Alors, ça risque d'être un peu long (et biaisé : je contribue à Guix :)) donc oui, les deux distributions sont assez similaires. Guix est plus récente que Nixos (2012 contre 2002 si je me souviens bien) et est basée sur les mêmes principes, la thèse d'Eelco Dolstra. D'ailleurs Guix contient un tout petit composant de Nixos: le démon Nix. Tout le reste est complètement différent.
Avec Nix, il est nécessaire d'apprendre un nouveau DSL (le langage d'expression Nix), pour l'utiliser, le paramétrer, créer des paquets, ... Guix demande d'apprendre un langage assez ancien, Scheme (plus précisément l'implémentation Guile de GNU). L'avantage de Guile, c'est son homoiconicité : les données et les programmes ont la même représentation. On s'en sert pour créer ce qu'on appelle des G-Expressions. En gros, au lieu d'utiliser le langage Nix pour concaténer des chaînes de caractères qui représentent des scripts shells (ou bien d'autres langages) à passer au démon Nix, on utilise Scheme pour créer des programmes Scheme à passer au démon Nix, ce qui de mon point de vue est bien plus propre.
De la même manière, on s'intègre un peu mieux avec le reste du système, notamment parce que le PID 1 est le Shepherd, écrit et configuré en Scheme. Pareil pour le démon de taches récurrentes mcron, écrit et configuré en Scheme.
Aillant eu plus de temps pour maturer, Guix propose aussi des interfaces de programmation de plus haut niveau. Si Nixos manipule directement des dérivations (des fonctions écrites en Nix), Guix propose d'utiliser des notions de plus haut niveau (paquets, origines, simili-fichiers, système d'exploitation, service, ...) qui permettent entre autre l'héritage et ont une structure de base bien plus stricte (et donc compréhensible) qu'une simple fonction. Ces objets sont ensuite traduits en dérivation pour que le démon puisse faire son œuvre.
Guix prend aussi position idéologiquement et techniquement sur certains aspects : elle respecte les FSDG (Free Software Distributions Guidelines) et ne propose donc pas de logiciel non-libre.
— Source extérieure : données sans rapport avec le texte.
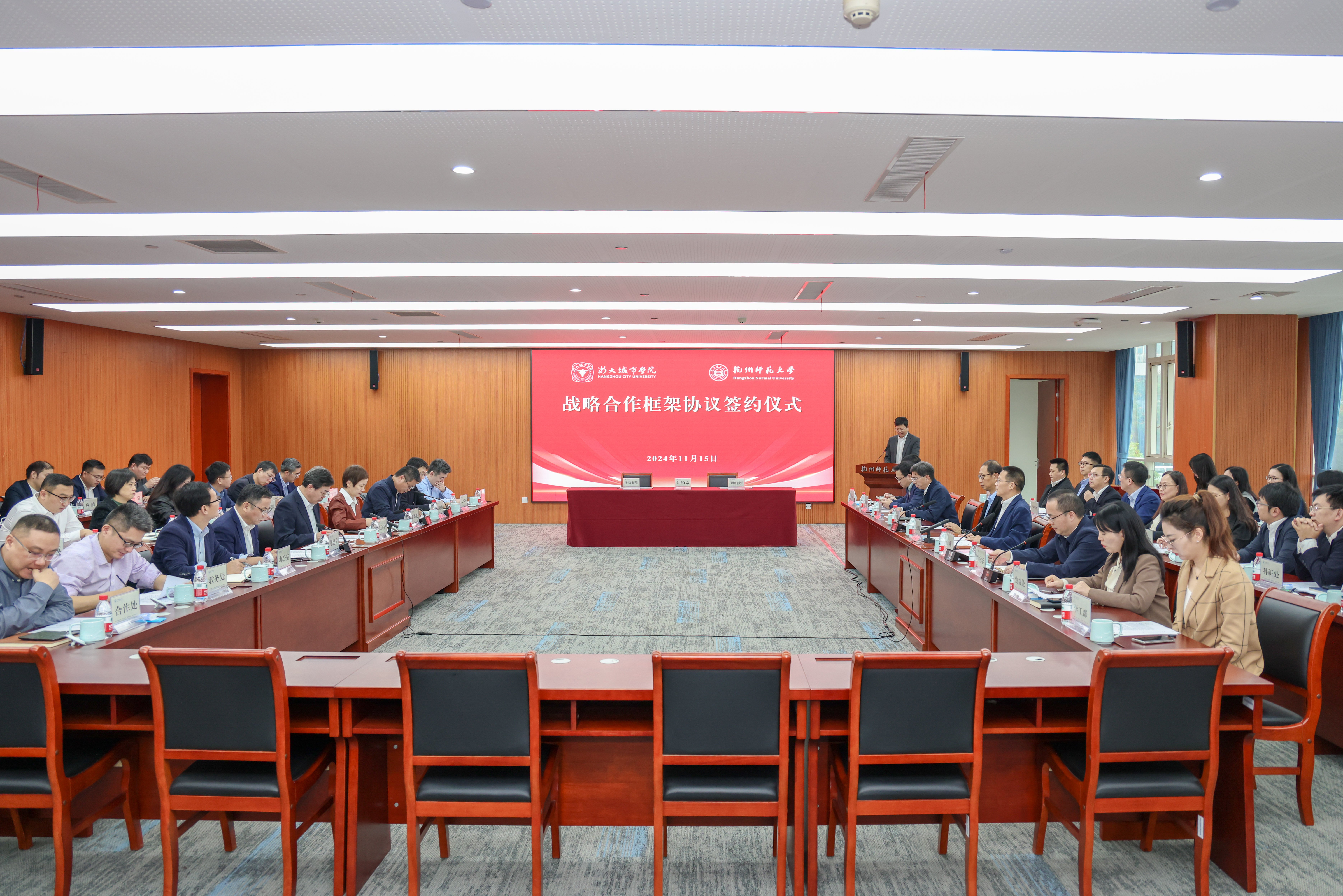 会上还宣读了两校选派挂职干部文件。双方将互派干部进行挂职交流,通过互派互学互享,共绘“杭城”发展同心圆。我校工程学院学术副院长齐欢和杭州师范大学教务处邱璐分别作为挂职干部代表发言,他们表示,将在新的岗位上充分发挥自身特长和优势,虚心学习请教、认真履行职责、主动担当作为,为两校的事业发展多流一些汗、多出一份力、多作一些贡献。

Elle insiste aussi beaucoup sur la reproductibilité (comme Nix) et la possibilité d'amorcer les logiciels. C'est une différence qui me tient beaucoup à cœur, même si ça veut dire qu'il y a moins de paquets qui arrivent à passer les standards de qualité de Guix. On peut toujours créer un canal pour les paquets qui n'ont pas encore atteint la maturité suffisante pour passer ces critères.